- **Dataset content**:
☆ ☆ ☆ ☆ ☆ ☆ ☆
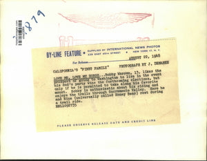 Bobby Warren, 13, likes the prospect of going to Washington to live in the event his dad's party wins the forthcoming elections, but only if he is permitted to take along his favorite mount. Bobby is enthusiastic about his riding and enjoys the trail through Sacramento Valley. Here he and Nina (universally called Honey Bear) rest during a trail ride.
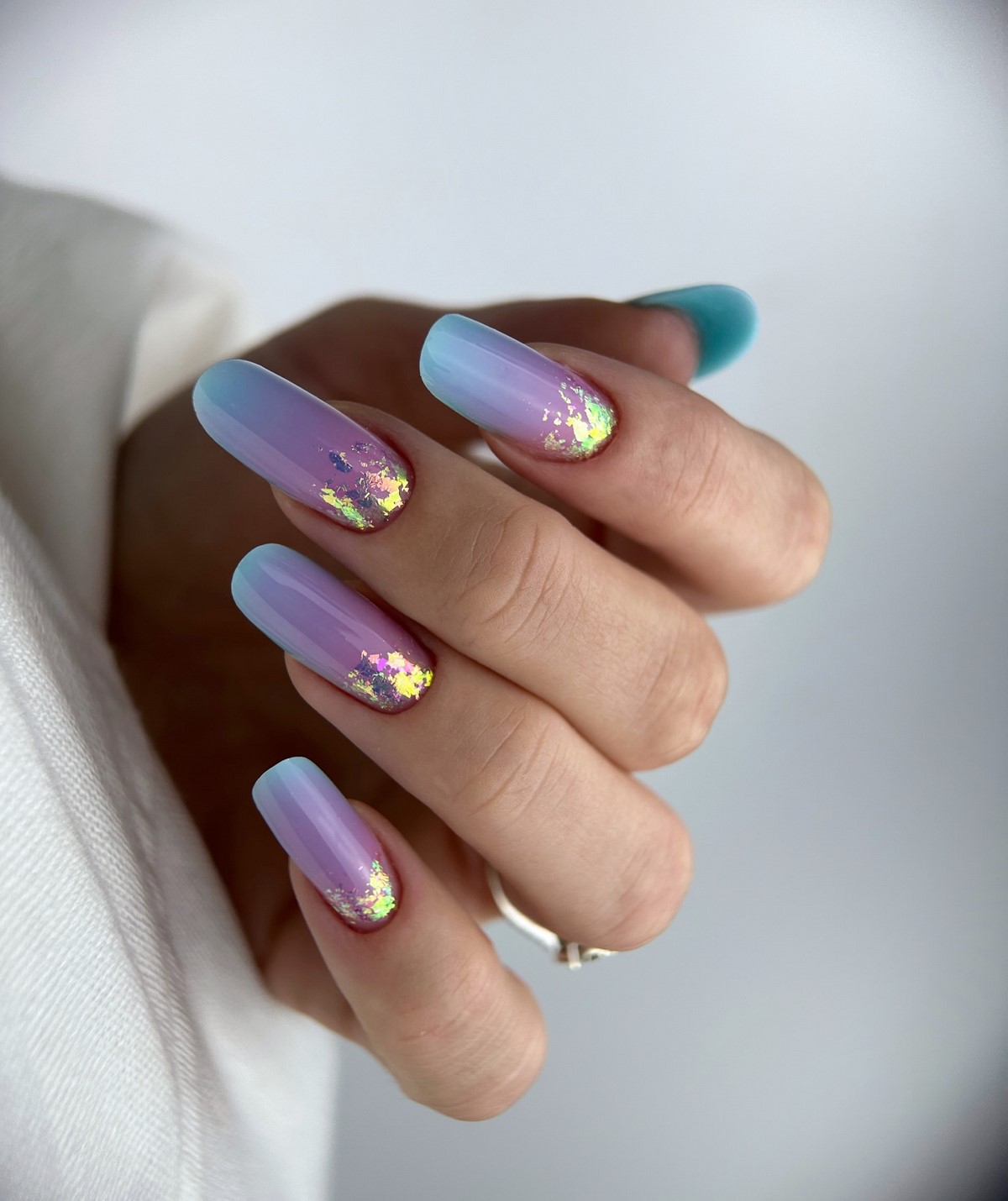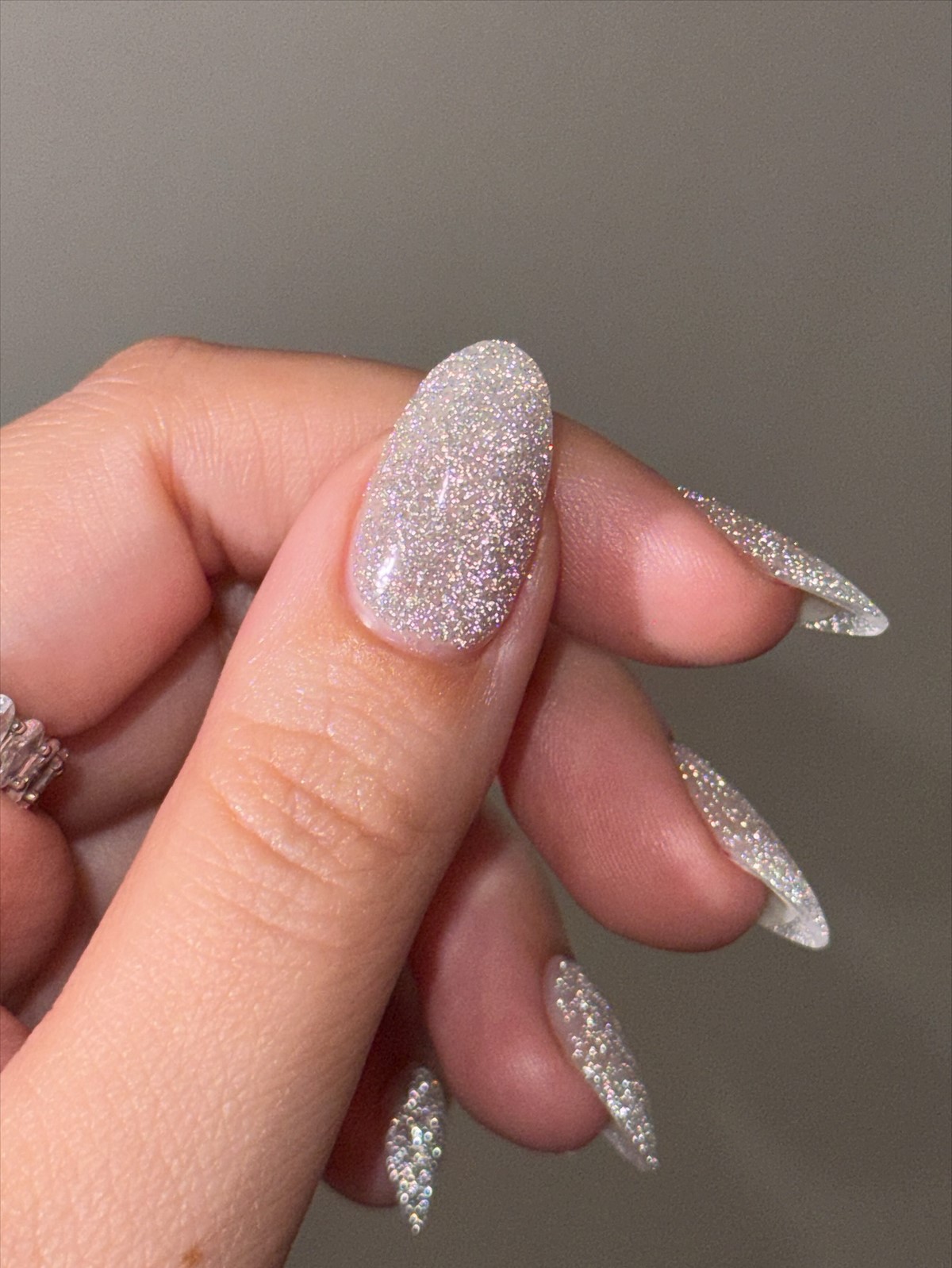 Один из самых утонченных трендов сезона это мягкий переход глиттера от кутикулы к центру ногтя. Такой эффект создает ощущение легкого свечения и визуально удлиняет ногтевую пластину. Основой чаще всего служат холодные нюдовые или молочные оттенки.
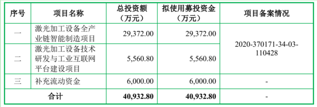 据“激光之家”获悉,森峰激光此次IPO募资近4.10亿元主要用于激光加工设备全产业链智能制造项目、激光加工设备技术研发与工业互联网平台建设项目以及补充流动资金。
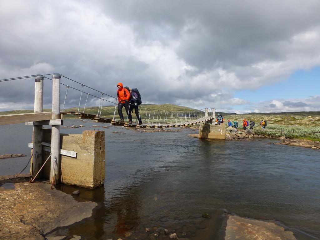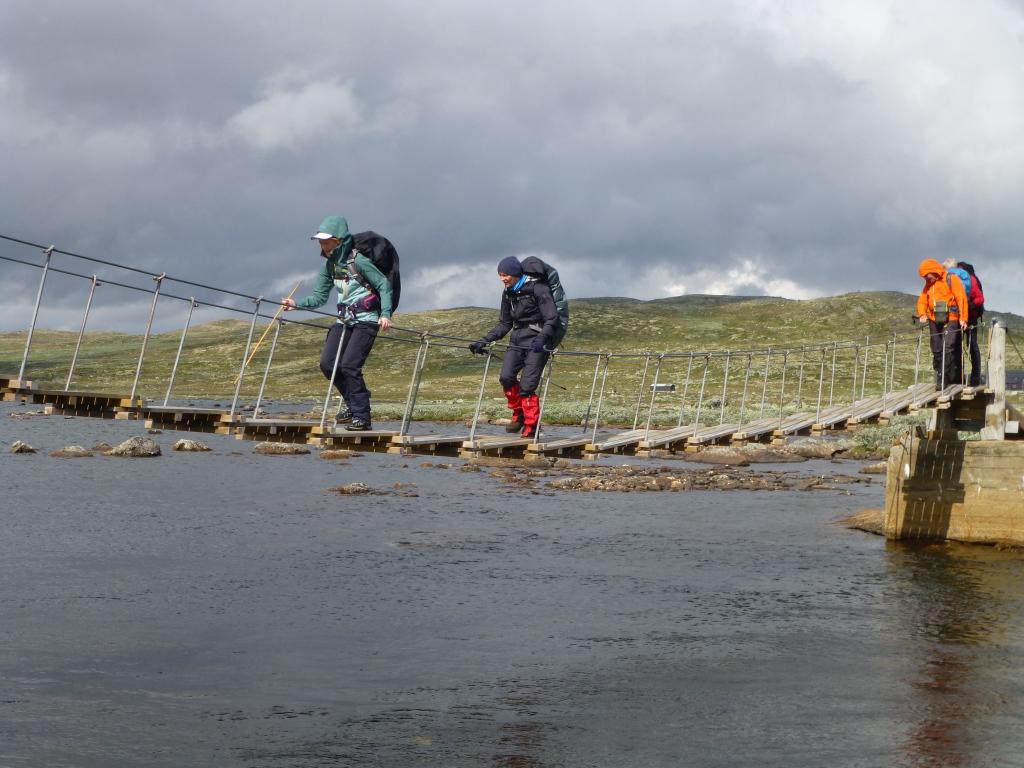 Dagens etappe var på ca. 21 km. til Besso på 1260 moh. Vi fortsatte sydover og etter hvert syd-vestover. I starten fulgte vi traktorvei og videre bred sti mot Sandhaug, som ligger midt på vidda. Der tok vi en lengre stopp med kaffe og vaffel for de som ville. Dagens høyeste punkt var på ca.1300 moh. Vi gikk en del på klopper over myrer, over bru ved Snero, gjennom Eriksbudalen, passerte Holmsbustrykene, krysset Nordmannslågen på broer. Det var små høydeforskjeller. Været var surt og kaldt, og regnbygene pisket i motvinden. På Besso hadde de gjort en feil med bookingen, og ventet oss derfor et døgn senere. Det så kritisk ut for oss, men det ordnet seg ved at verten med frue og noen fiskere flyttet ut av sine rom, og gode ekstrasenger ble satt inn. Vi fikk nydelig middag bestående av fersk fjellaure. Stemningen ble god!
☆ ☆ ☆ ☆ ☆ ☆ ☆
- **Work task**: Transcribe the material exactly, and leave out whatever pictures it holds.

- **Answer to this problem**:
 Bobby Warren, 13, likes the prospect of going to Washington to live in the event his dad's party wins the forthcoming elections, but only if he is permitted to take along his favorite mount. Bobby is enthusiastic about his riding and enjoys the trail through Sacramento Valley. Here he and Nina (universally called Honey Bear) rest during a trail ride.
 Один из самых утонченных трендов сезона это мягкий переход глиттера от кутикулы к центру ногтя. Такой эффект создает ощущение легкого свечения и визуально удлиняет ногтевую пластину. Основой чаще всего служат холодные нюдовые или молочные оттенки.
 据“激光之家”获悉,森峰激光此次IPO募资近4.10亿元主要用于激光加工设备全产业链智能制造项目、激光加工设备技术研发与工业互联网平台建设项目以及补充流动资金。
 Dagens etappe var på ca. 21 km. til Besso på 1260 moh. Vi fortsatte sydover og etter hvert syd-vestover. I starten fulgte vi traktorvei og videre bred sti mot Sandhaug, som ligger midt på vidda. Der tok vi en lengre stopp med kaffe og vaffel for de som ville. Dagens høyeste punkt var på ca.1300 moh. Vi gikk en del på klopper over myrer, over bru ved Snero, gjennom Eriksbudalen, passerte Holmsbustrykene, krysset Nordmannslågen på broer. Det var små høydeforskjeller. Været var surt og kaldt, og regnbygene pisket i motvinden. På Besso hadde de gjort en feil med bookingen, og ventet oss derfor et døgn senere. Det så kritisk ut for oss, men det ordnet seg ved at verten med frue og noen fiskere flyttet ut av sine rom, og gode ekstrasenger ble satt inn. Vi fikk nydelig middag bestående av fersk fjellaure. Stemningen ble god!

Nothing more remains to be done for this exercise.